§ **Try it**
For this exercise, retype all the data exactly and exclude every image.

*** Provided material ***

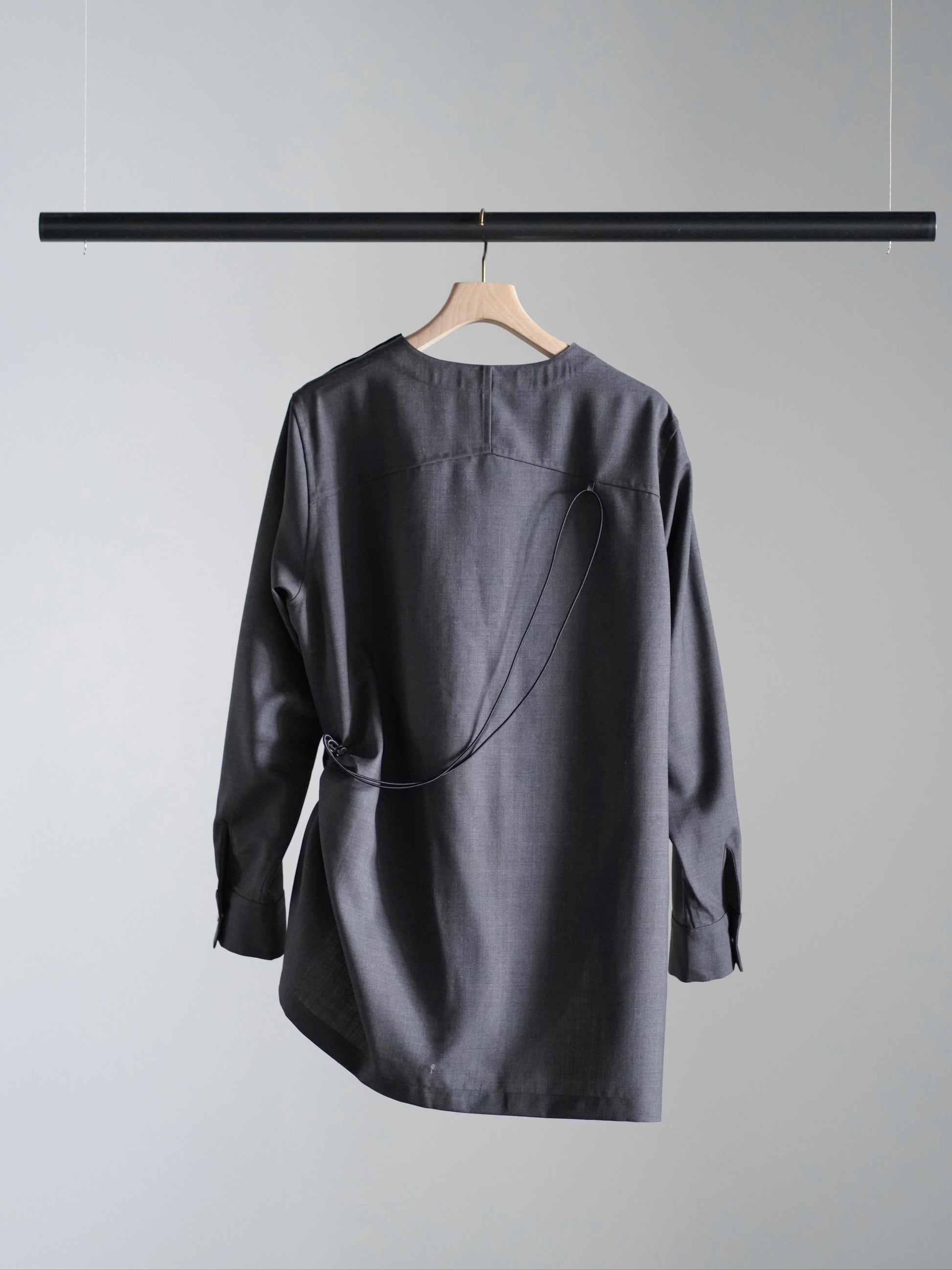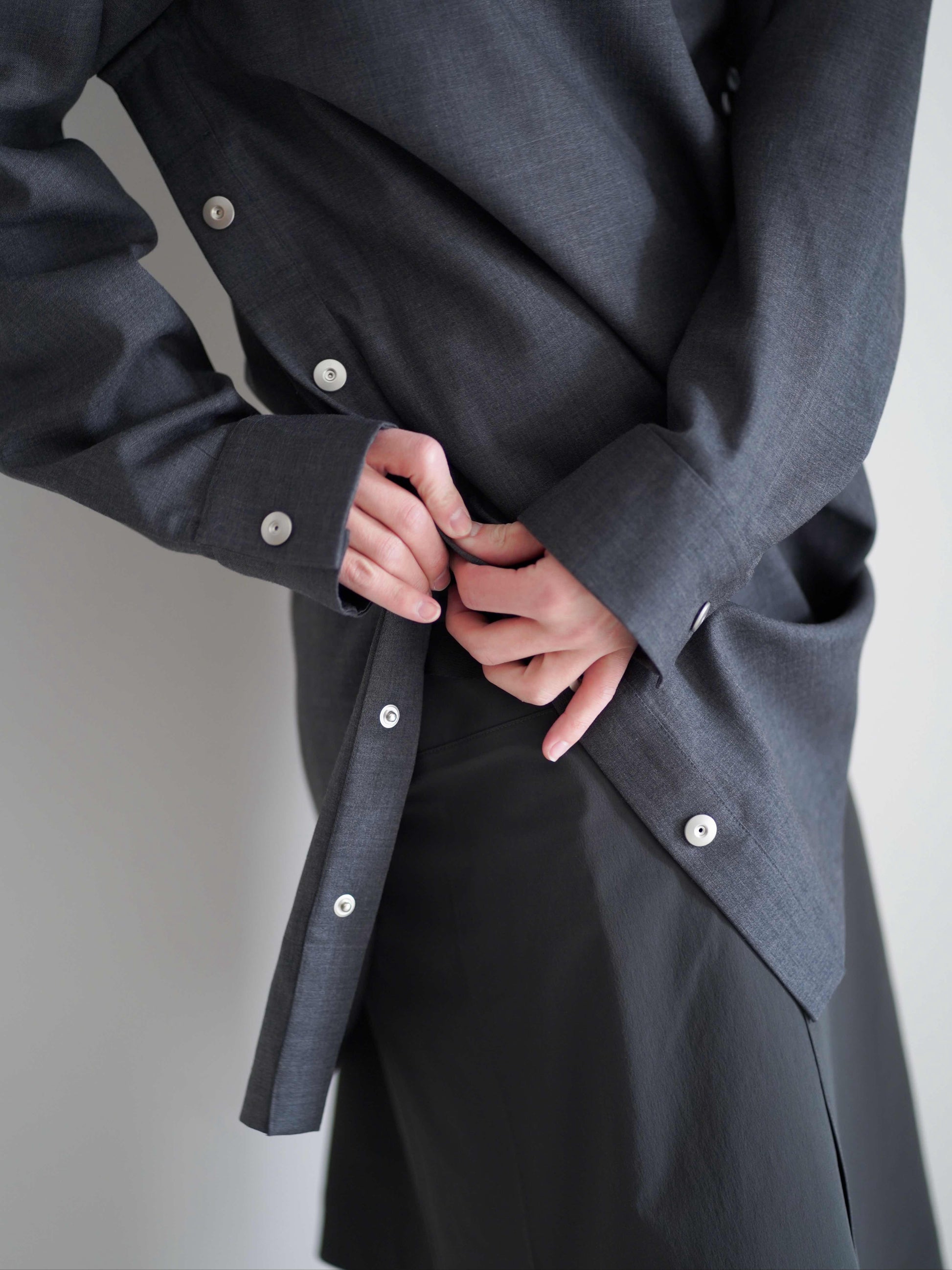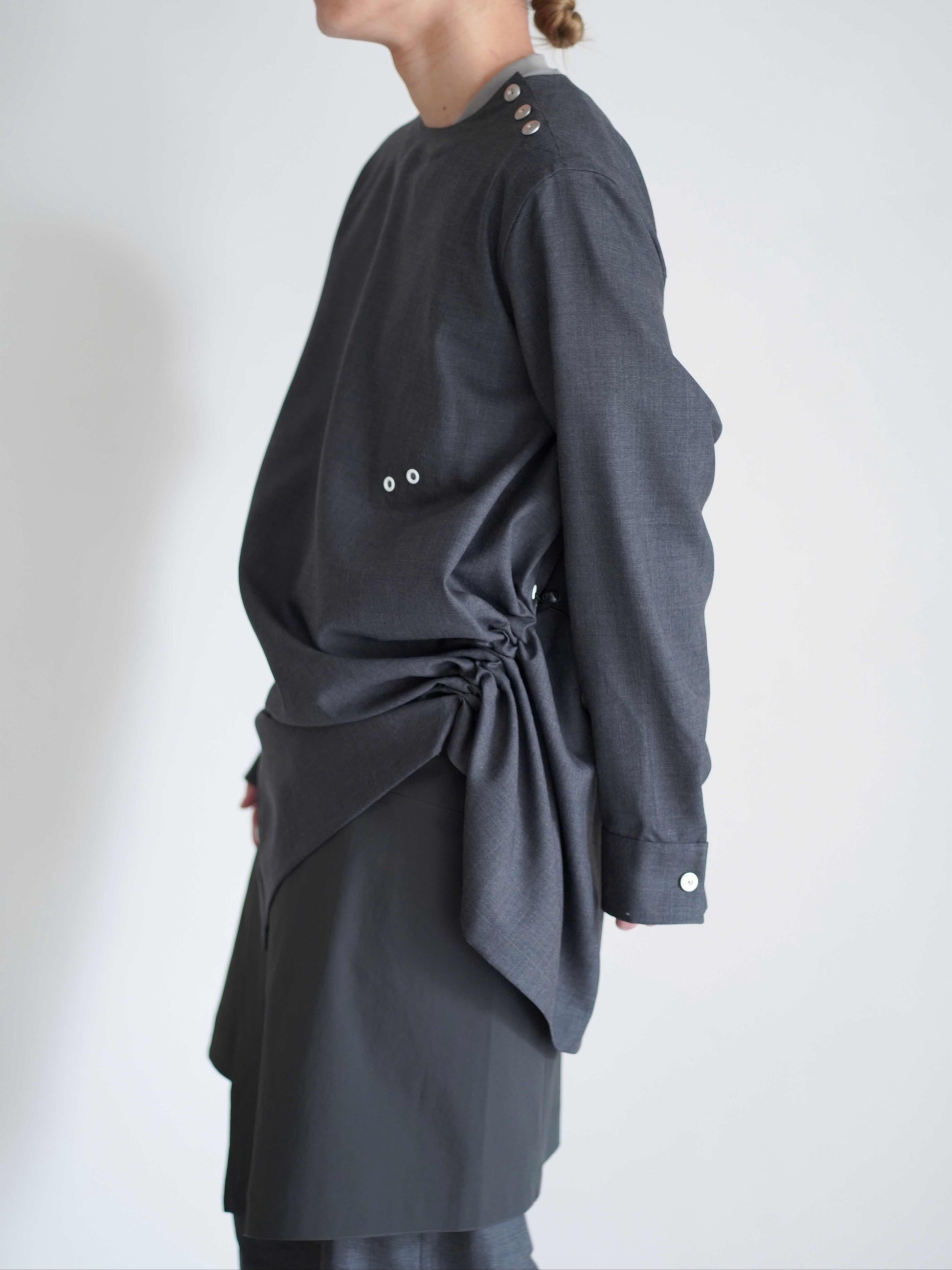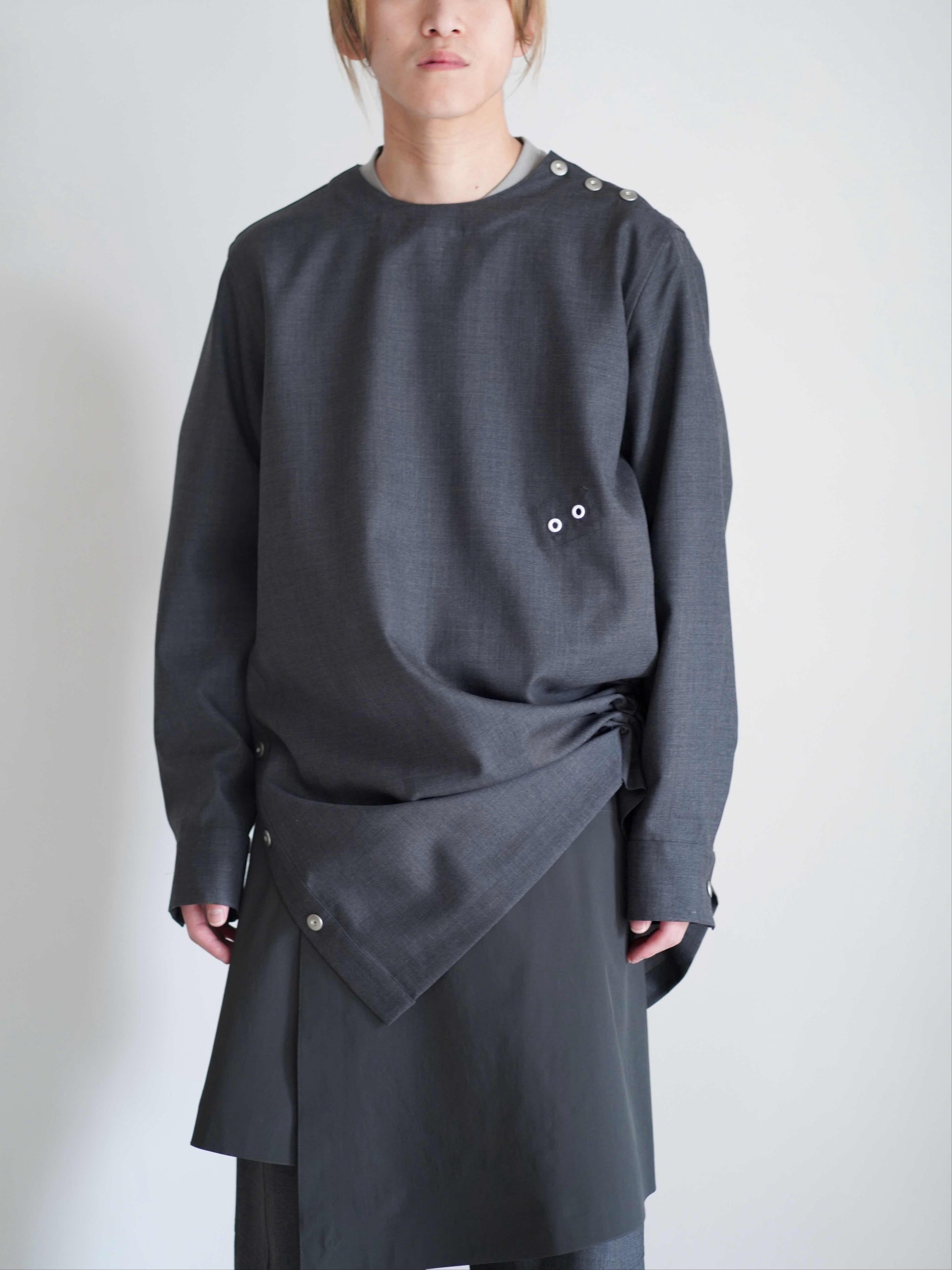オフスケール加工の肌離れの良いウールスーチング素材を使用したプルオーバーシャツ。
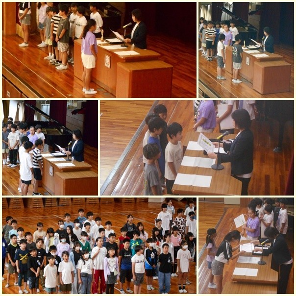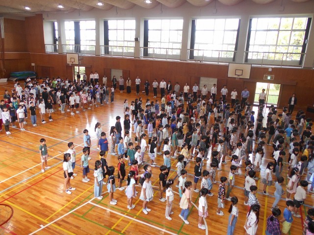 表彰伝達のあと、前期の終業式を行いました。節目の時期ということで、校長先生から3つのことを振り返りましょうというお話がありました。「あいさつ」「思いやり」「伝える」の3つについてです。「だれにでも挨拶できたかな」、「相手が嫌な気持ちになる言葉でなく、温かい言葉を使うことができたかな」、「自分の考えや気持ちを自分の言葉で伝えることができたかな」など、それぞれ自分はどうだったかを振り返りました。
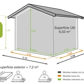 Europa zielona metalowa szopa o wymiarach 316x209x228 cm i 7,2 m2
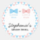 Le motif de triangle bleu et rose révèle avec l'autocollant de cravate arc. Le design est composé d'un motif triangles bleu et rose et d'un cercle blanc au milieu avec une cravate arc et votre texte personnalisé.
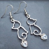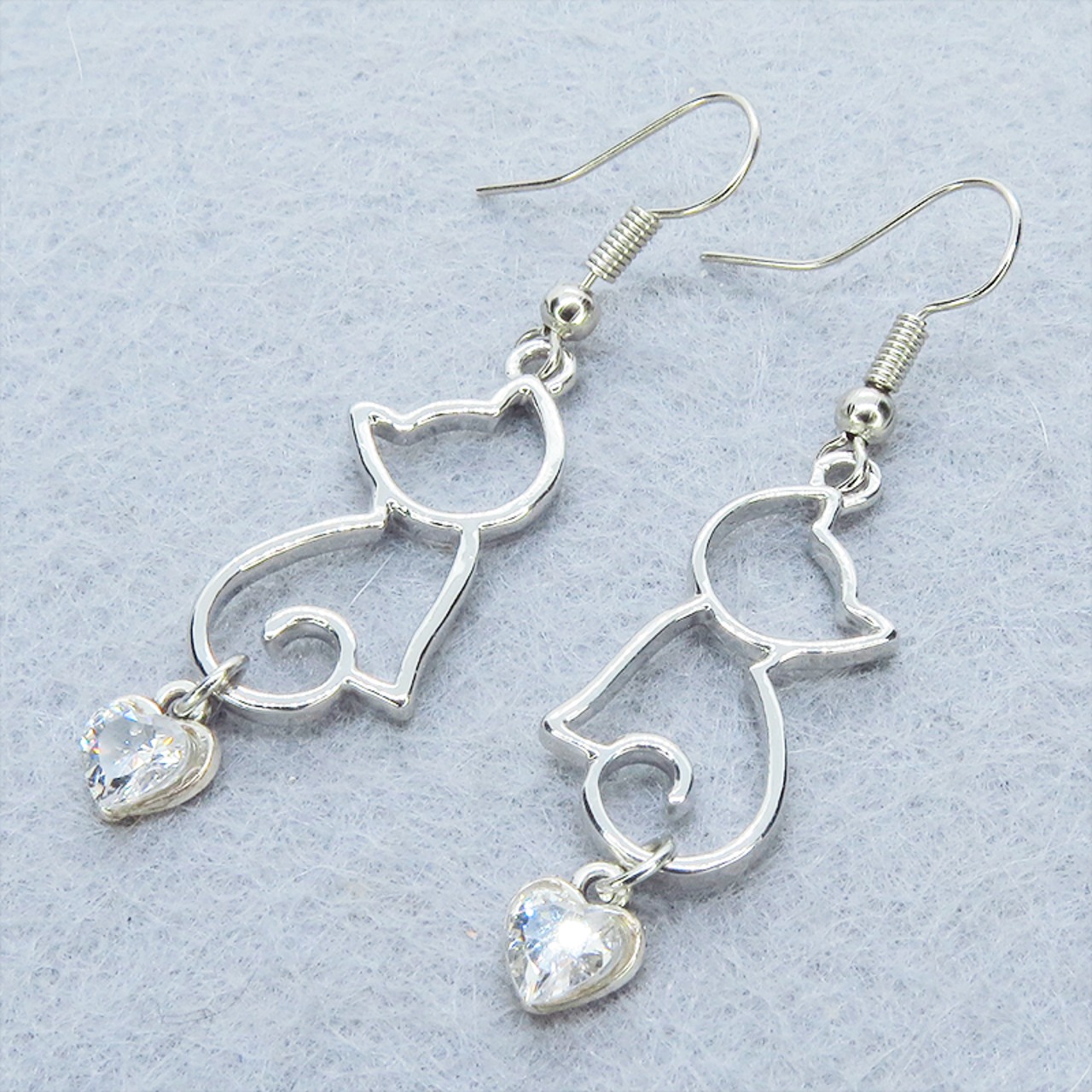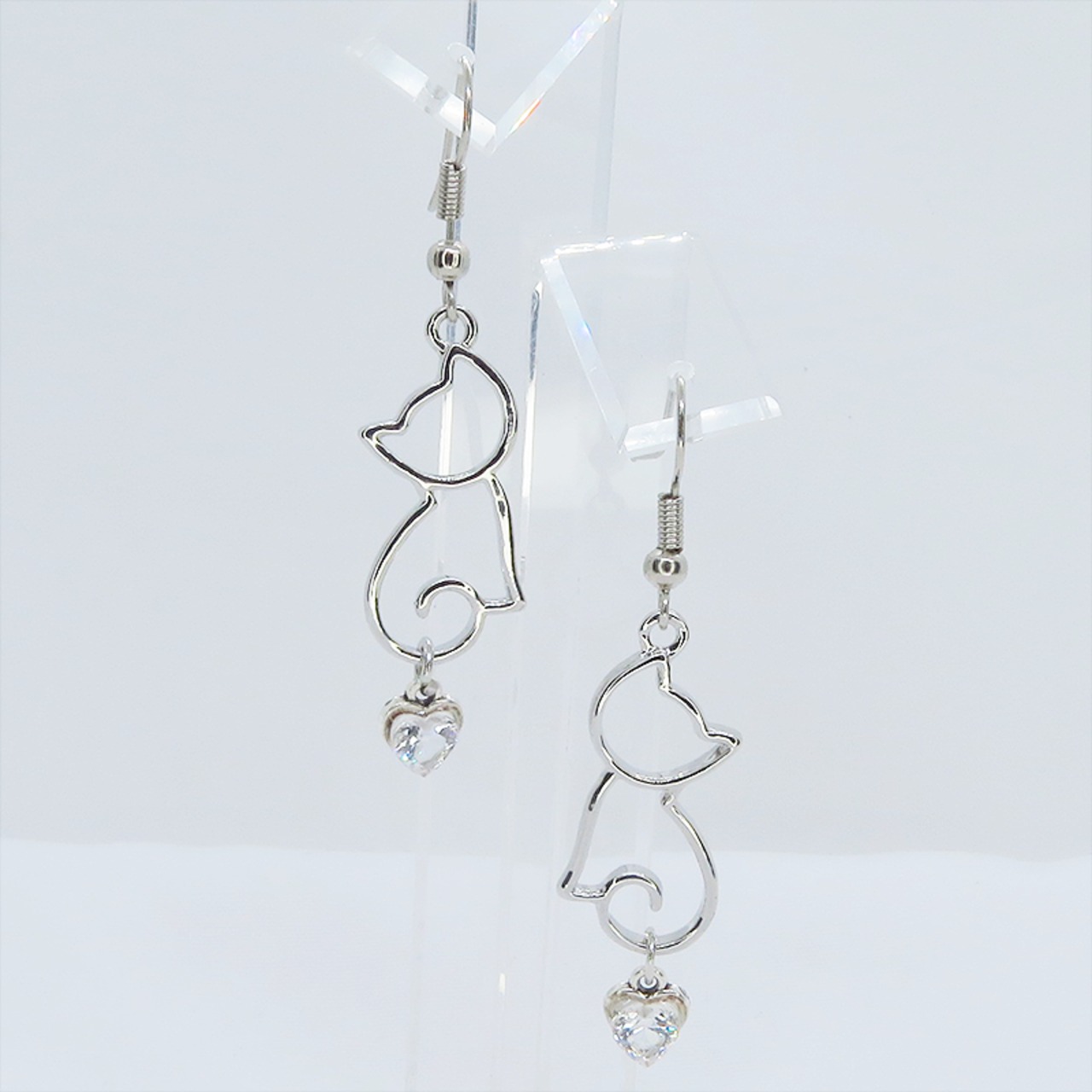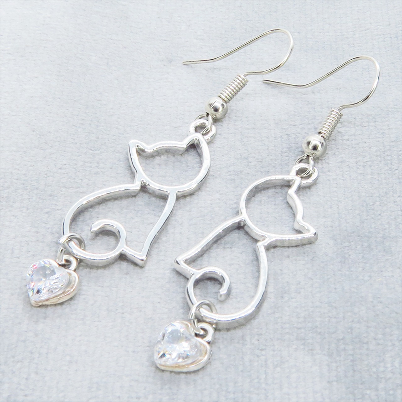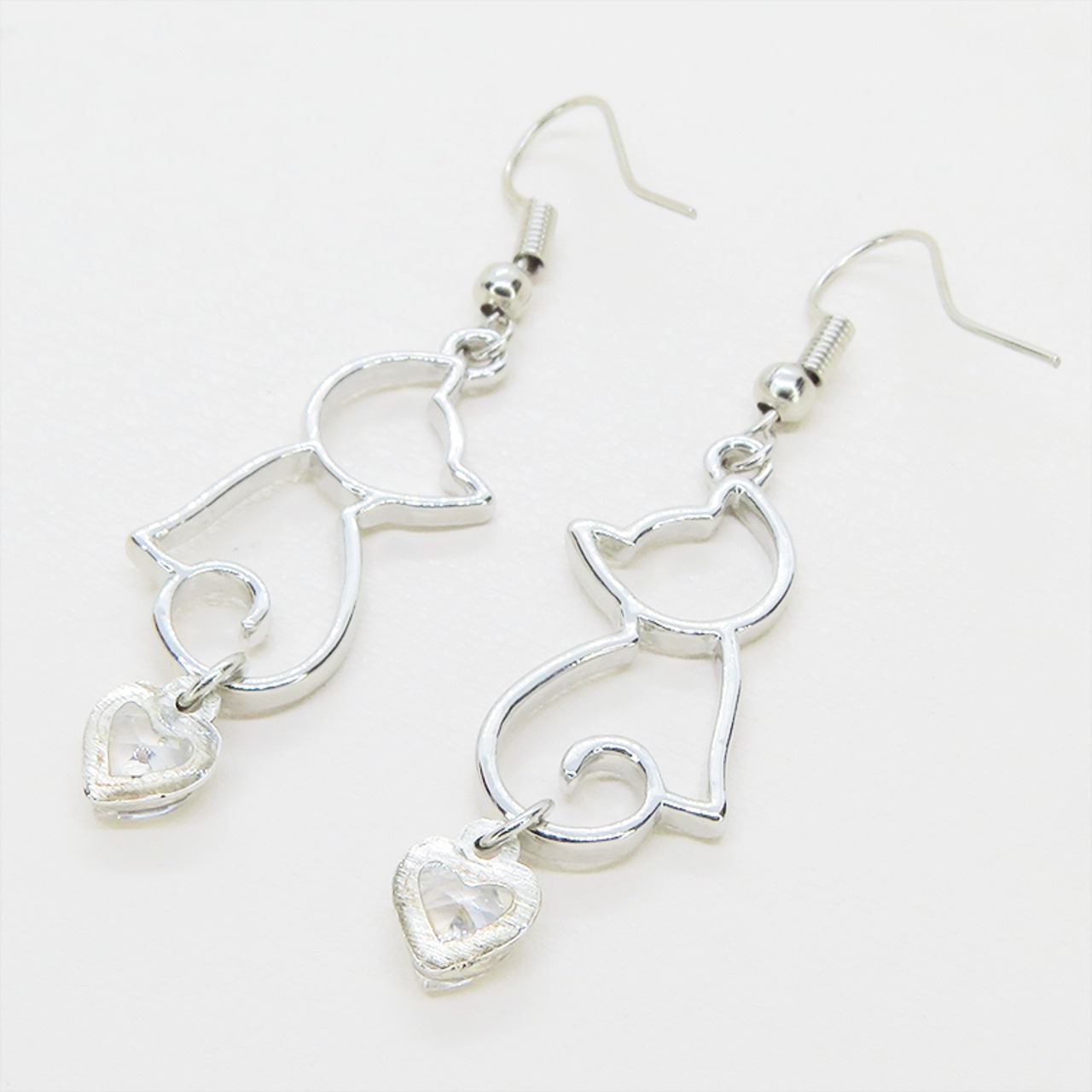 シルバーカラー 猫シルエットとスワロフスキーのハートを組合せた大人可愛いピアス サージカル可

***

§ **Exercise answer**
オフスケール加工の肌離れの良いウールスーチング素材を使用したプルオーバーシャツ。
 表彰伝達のあと、前期の終業式を行いました。節目の時期ということで、校長先生から3つのことを振り返りましょうというお話がありました。「あいさつ」「思いやり」「伝える」の3つについてです。「だれにでも挨拶できたかな」、「相手が嫌な気持ちになる言葉でなく、温かい言葉を使うことができたかな」、「自分の考えや気持ちを自分の言葉で伝えることができたかな」など、それぞれ自分はどうだったかを振り返りました。
 Europa zielona metalowa szopa o wymiarach 316x209x228 cm i 7,2 m2
 Le motif de triangle bleu et rose révèle avec l'autocollant de cravate arc. Le design est composé d'un motif triangles bleu et rose et d'un cercle blanc au milieu avec une cravate arc et votre texte personnalisé.
 シルバーカラー 猫シルエットとスワロフスキーのハートを組合せた大人可愛いピアス サージカル可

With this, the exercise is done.